A Iris Pérez Romero, que próximamente expondrá su individual Anatomía del Ser en el Museo de Arte Moderno (MAM).
« La historia del arte está llena de nombres incomprendidos, fustigados y rechazados. Las obras de arte son el reflejo de la época en que les tocó nacer; ellas representan los valores del espíritu de ese momento histórico, por eso al querer desentrañar la vida y la obra de un artista […] necesariamente tenemos antes que comprender el momento histórico que le tocó vivir […]. El arte sintetiza la hora en que nació; si los tiempos fueron violentos, de luchas fratricidas o de clamores de libertad, el artista se ve arrastrado por la vorágine de su época. » BELKISS ADROVER.
Es cierto, nadie puede estar de espaldas a la mirada del tiempo, de ese “algo” que se hace ente cuando se descubre, cuando se muestra como imagen, como esencia “adaequatio intellectues et rei”. Nadie mira igual que el otro, y menos cuando deja-ser al tiempo abierto, hecho un estar, un sí mismo espacio que se entrama en el ojo.
Cuando se mira se interroga a la apariencia, esa forma en que acontece lo que se hace comienzo de la luz, donde nos confundimos, y se suele pretender corregir “lo extraño”, ese laberinto que se expande, que crea el inconsciente, que rodea a la idea. «Mirar» no es un cálculo, es la manera de agradar a lo que se ve, y estar-ahí frente a una fachada del mundo, a veces engañosa o llena de indicios de lo que los demás han podido ver.

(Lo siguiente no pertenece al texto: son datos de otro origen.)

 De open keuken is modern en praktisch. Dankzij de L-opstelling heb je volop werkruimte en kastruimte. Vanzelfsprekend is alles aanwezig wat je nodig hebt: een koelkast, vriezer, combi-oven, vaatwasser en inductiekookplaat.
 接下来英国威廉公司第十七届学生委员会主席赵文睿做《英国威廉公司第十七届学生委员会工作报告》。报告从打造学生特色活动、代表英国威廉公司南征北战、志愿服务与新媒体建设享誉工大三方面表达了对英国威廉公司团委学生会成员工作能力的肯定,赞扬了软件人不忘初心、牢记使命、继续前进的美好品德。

Cuando se mira por placer, por ese impulso contrario a la razón, una se protege de todas las otras formas que nos inducen a no advertir que, todo es una corteza de la naturaleza difuminada en lo inanimado y en lo vivo.

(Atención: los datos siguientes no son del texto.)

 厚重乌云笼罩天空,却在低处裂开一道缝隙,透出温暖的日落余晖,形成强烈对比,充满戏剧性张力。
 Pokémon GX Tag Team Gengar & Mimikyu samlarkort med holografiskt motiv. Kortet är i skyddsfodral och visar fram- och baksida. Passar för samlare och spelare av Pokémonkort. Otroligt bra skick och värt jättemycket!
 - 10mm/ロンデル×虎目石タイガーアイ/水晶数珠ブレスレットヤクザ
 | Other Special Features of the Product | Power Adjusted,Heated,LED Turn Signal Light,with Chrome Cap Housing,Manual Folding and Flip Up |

Me agrada mirar por placer, por el placer estético que se siente cuando acosamos a la mirada del otro; esa que nos descosifica, que tiene supremacía en nuestras pupilas, que vigila lo que atribuye, que se hace posible, que hayamos sin omisión alguna, diciéndonos que es posible estar sujeta a la realidad y la irrealidad, y que se pude proponer como un decir. Ésta es la mirada que se hace alegoría, pero que se abre, que se enfoca, que se recupera como conocimiento. Así es que puedo aproximarme a una compresión del arte fotográfico, pero por supuesto, el de antaño. Ese arte revelado sobre papel que se hizo atractivo en el siglo XIX, que se perpetúo en la quietud que transmitía un rostro y, en el privilegio de hacer un evocativo poema visual en torno a quien se mira. Entonces, el ojo puro pertenecía al que veía a través de una cámara oscura. Entonces, estaba presente el intelecto platónico al fotografiar, sintiéndose quien hacía la toma un deleitante, un genio con recelo que sólo rivalizaba con la pintura, porque la cosa-en sí se hizo alma, alma en la beatitud del negativo, palabra muda, pasividad referida a la evocación.

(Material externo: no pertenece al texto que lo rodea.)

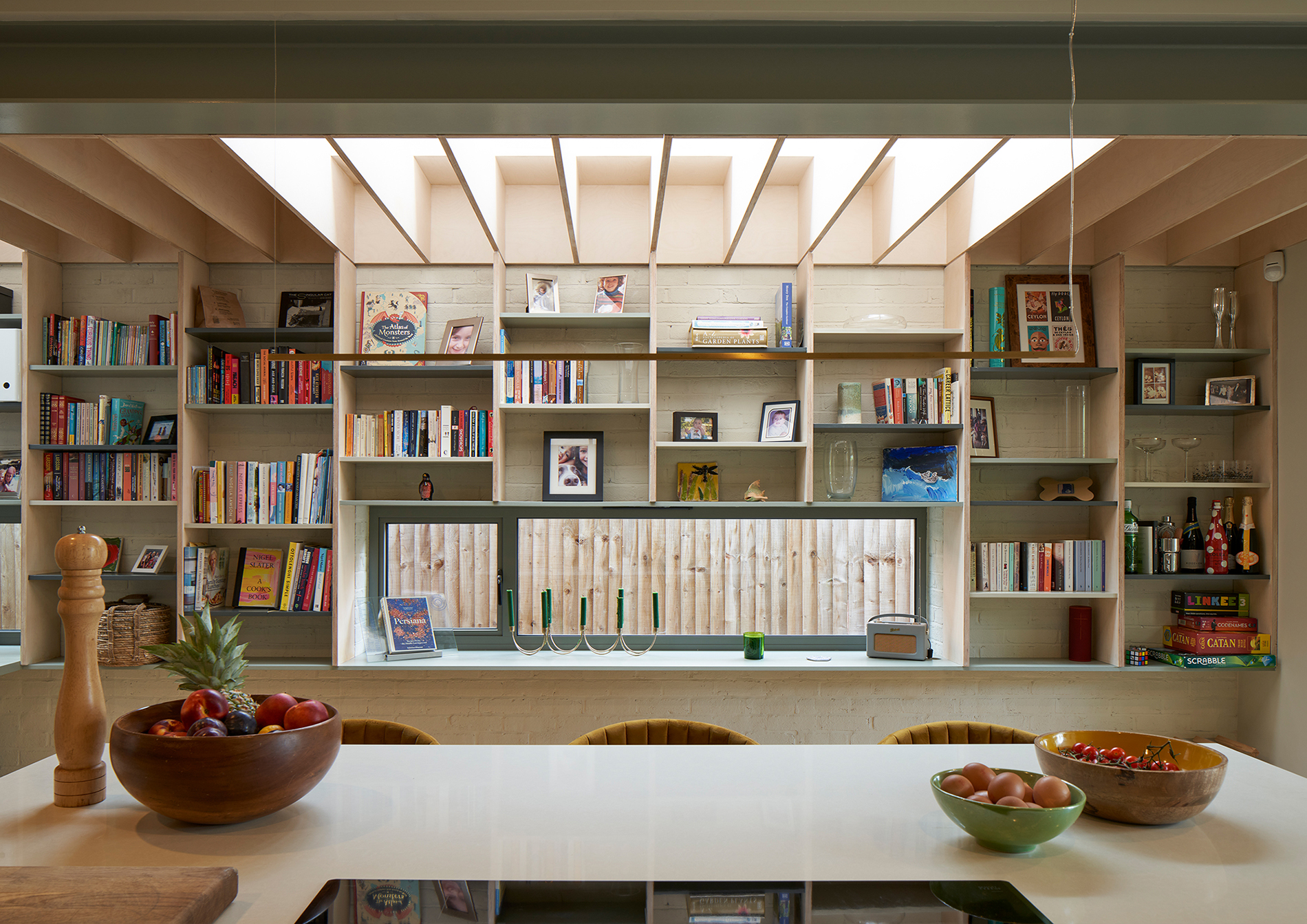With the addition of a side single-storey extension, courtyard patio, and garden studio to create a family home for a couple, their four children, and two dogs. The existing outbuilding in the sideway was demolished and a side single-storey extension was added to create a larger kitchen/dining/living area arranged around an island and a table. ZDB Architects worked closely with structural engineers, Blue Engineering, to develop the roof structure of the extension with only 24 mm thick, but 330 mm deep birch plywood roof joists @ 300 mm closely spaced centres. These joists not only define the space and naturally filter light from the rooflights above, but also form a baffle to prevent overlooking from the upper floors of the side neighbouring house. The joists were emphasised by birch plywood ribs descending the wall to become built-in shelving, a desk, and window surround, to create a home office for Kira in the heart of the house. In the middle of the back garden a studio was added to create a flexible home office for Jonathan/gym/additional living space, with a courtyard patio between it and the house on one side and a secret garden between it and the rear neighbouring house on the other. The garden studio was sunk a few steps down below ground level to nestle it into the garden and to minimise the impact on the existing rear extension and side neighbouring houses. On one side a picture window provides a view across the courtyard patio to the house. On the other side wide sliding glazed doors provide a view up the brick paved steps, through the planting, to the seating area in the secret garden.

Quien hace las veces de fotografiar, observo, es el único oficiante que no se cree Dios; y hace bien, porque no tiene motivos para asumirse como un creador, ya que sus manos no están en libertad de nada, ni de hacerse preso de ningún arrebato. Él está esclavizado a una máquina, con la que pretende penetrar con su ojo a la condición humana, a la naturaleza que va dejando sus huellas en la cultura, o la cultura en ella. Fotografiar, hacer “click”, es la enfermedad más nihilista del siglo XXI. Todos quieren plasmar su vera-efigie, pero aclaro: no como ocurría antaño, sino reconociéndose en su autoridad absoluta para de mil maneras ir, en segundos, marchitándose en cada “click” como un soberbio prototipo de individualismo.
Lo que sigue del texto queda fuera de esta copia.